Top of Given information

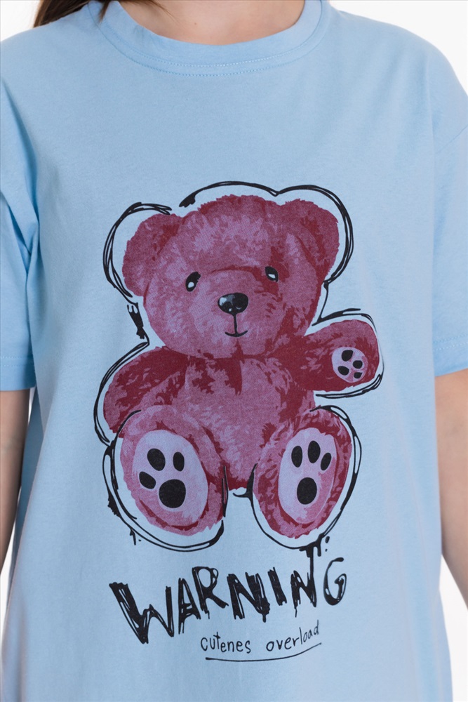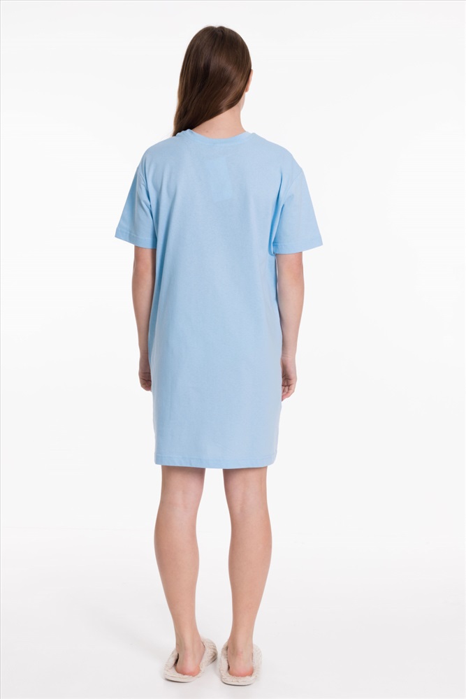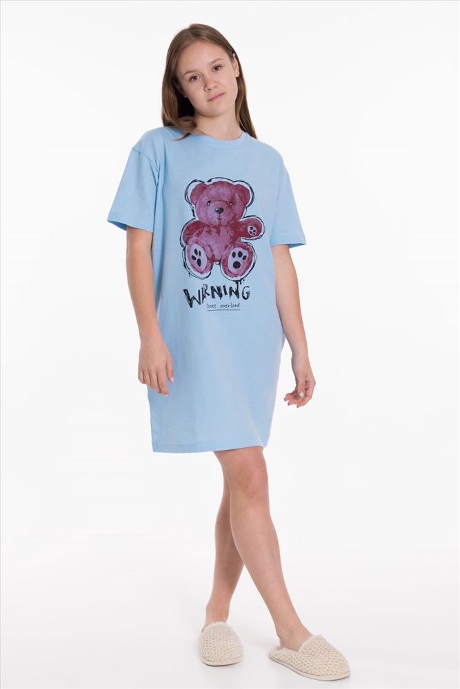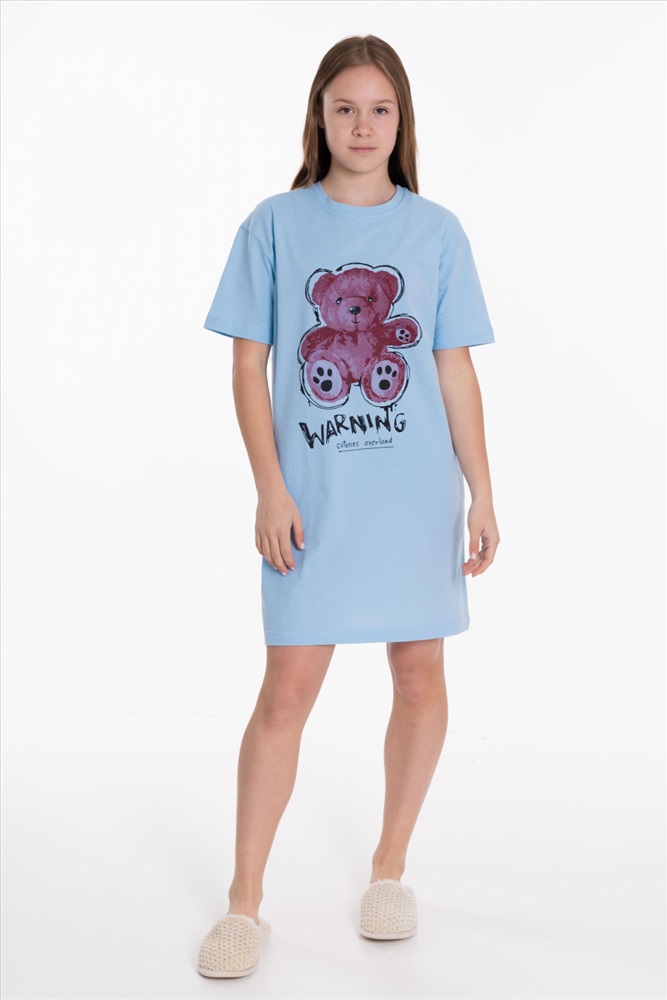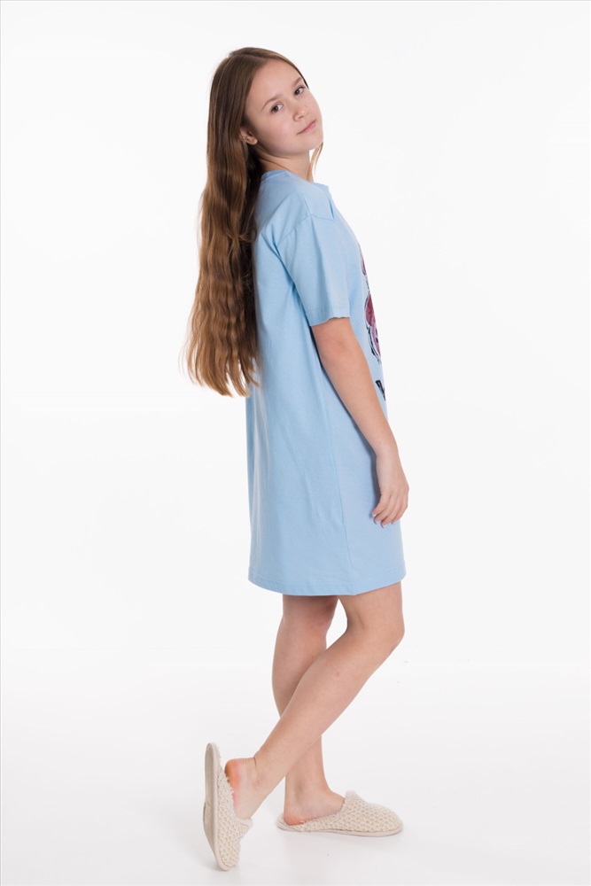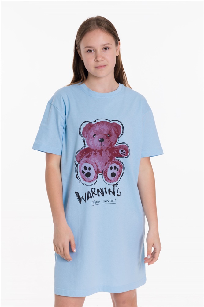 Цвет Номенклатуры: голубой Сорочка-футболка выполнена из однотонной кулирки. С коротким рукавом и принтом спереди. Круглый вырез горловины оформлен планкой.
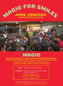 You are warmly invited to come along to hear his fascinating illustrated talk, with demonstrations, about the value of magic in the lives of refugee and other children living in exceptionally deprived circumstances in Lebanon.
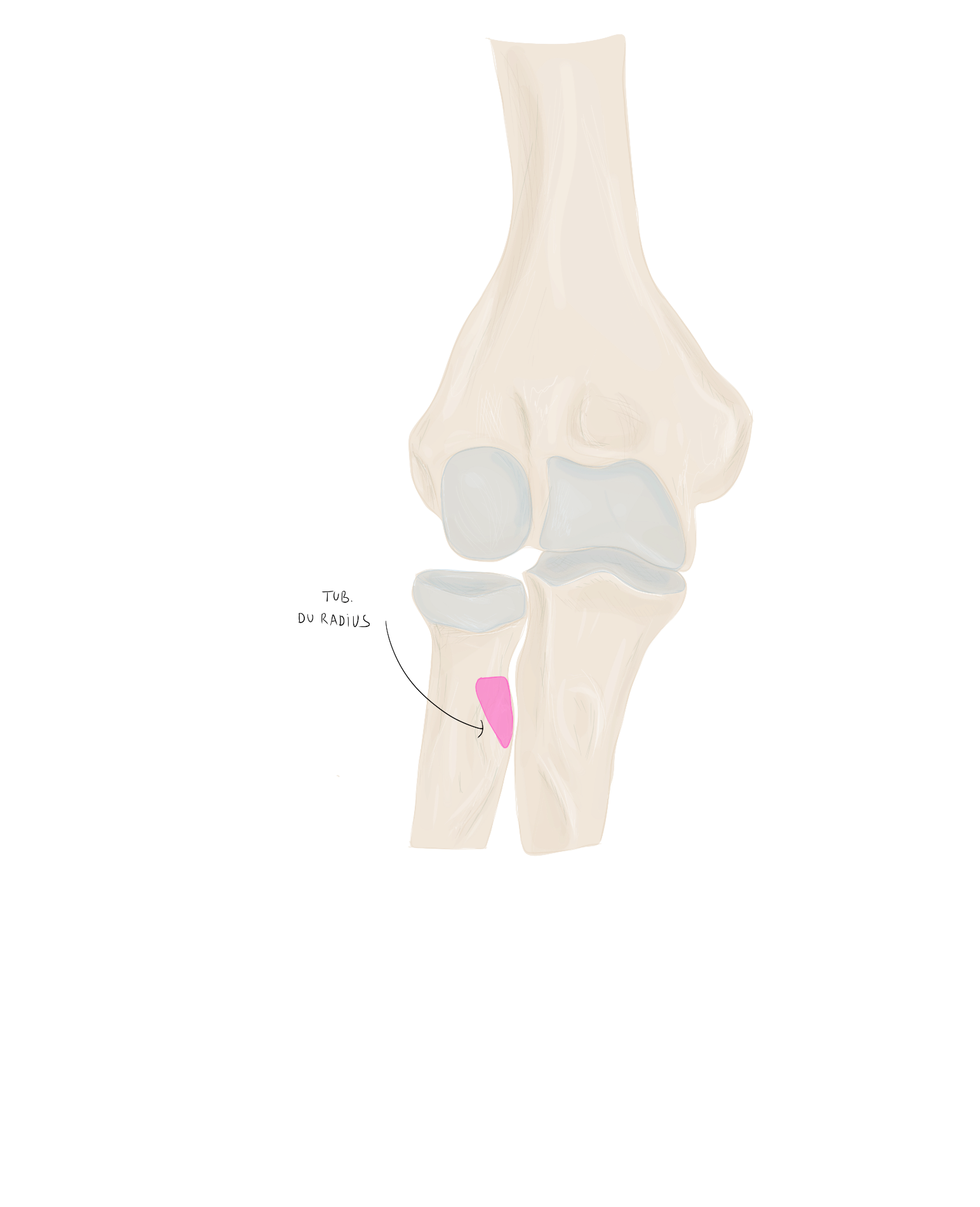 Faisceau profond se termine sur la face postéro-latérale du col du radius, en arrière de la terminaison du chef superficiel.

Bottom of Given information

→ **Brief**
Each line of the listing above belongs in the answer exactly as written; the pictures do not.

→ **Solution to the exercise**
 Цвет Номенклатуры: голубой Сорочка-футболка выполнена из однотонной кулирки. С коротким рукавом и принтом спереди. Круглый вырез горловины оформлен планкой.
 You are warmly invited to come along to hear his fascinating illustrated talk, with demonstrations, about the value of magic in the lives of refugee and other children living in exceptionally deprived circumstances in Lebanon.
 Faisceau profond se termine sur la face postéro-latérale du col du radius, en arrière de la terminaison du chef superficiel.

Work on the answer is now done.